==== Available data ====
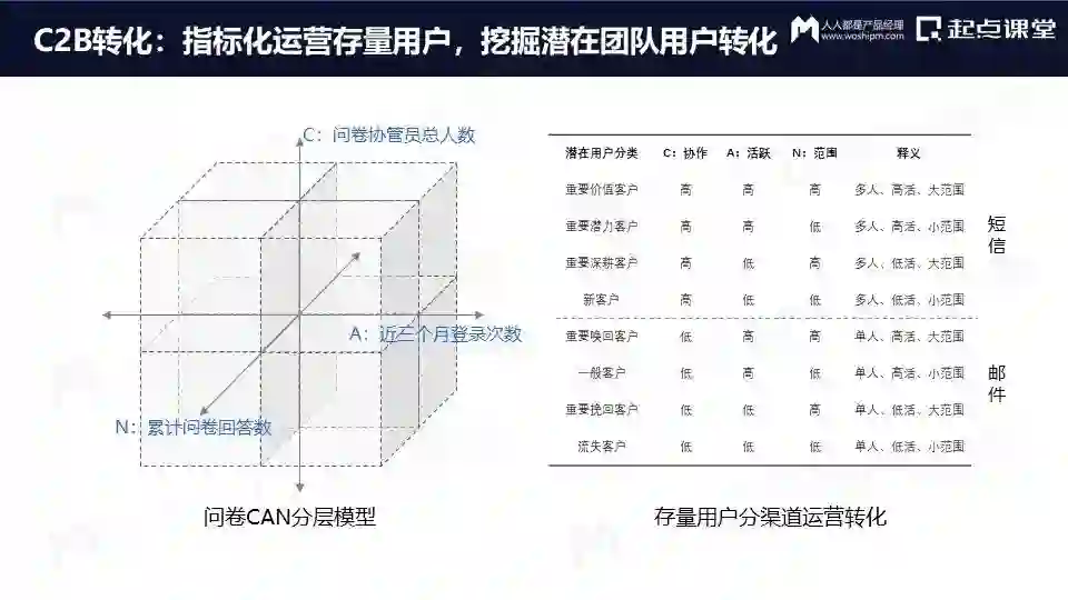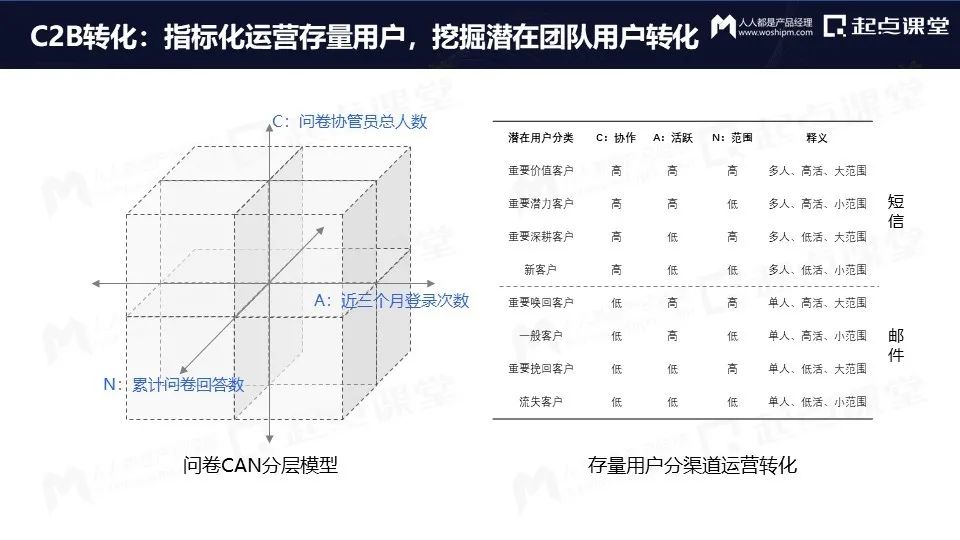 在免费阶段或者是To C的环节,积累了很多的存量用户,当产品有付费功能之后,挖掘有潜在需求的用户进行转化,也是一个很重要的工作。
====
==== Available data ====
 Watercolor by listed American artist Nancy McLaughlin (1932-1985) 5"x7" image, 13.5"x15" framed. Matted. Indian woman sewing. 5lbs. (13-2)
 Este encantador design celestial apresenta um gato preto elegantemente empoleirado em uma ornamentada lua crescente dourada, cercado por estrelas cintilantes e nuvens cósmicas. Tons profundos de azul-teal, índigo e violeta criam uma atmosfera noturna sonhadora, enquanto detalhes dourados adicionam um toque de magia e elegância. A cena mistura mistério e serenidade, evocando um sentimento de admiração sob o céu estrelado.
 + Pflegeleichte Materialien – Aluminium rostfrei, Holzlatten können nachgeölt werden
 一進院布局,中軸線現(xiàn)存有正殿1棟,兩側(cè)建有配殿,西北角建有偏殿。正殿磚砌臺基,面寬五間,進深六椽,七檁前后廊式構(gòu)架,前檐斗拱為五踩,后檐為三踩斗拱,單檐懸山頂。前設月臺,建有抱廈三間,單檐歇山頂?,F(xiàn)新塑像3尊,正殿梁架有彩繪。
====
### What you will do
Nothing should appear in the answer except the lines above from the line with "können nachgeölt werden" through the line with "一進院布局,中軸線現(xià", both included, written out exactly.

### Answer below
 + Pflegeleichte Materialien – Aluminium rostfrei, Holzlatten können nachgeölt werden
 一進院布局,中軸線現(xiàn)存有正殿1棟,兩側(cè)建有配殿,西北角建有偏殿。正殿磚砌臺基,面寬五間,進深六椽,七檁前后廊式構(gòu)架,前檐斗拱為五踩,后檐為三踩斗拱,單檐懸山頂。前設月臺,建有抱廈三間,單檐歇山頂?,F(xiàn)新塑像3尊,正殿梁架有彩繪。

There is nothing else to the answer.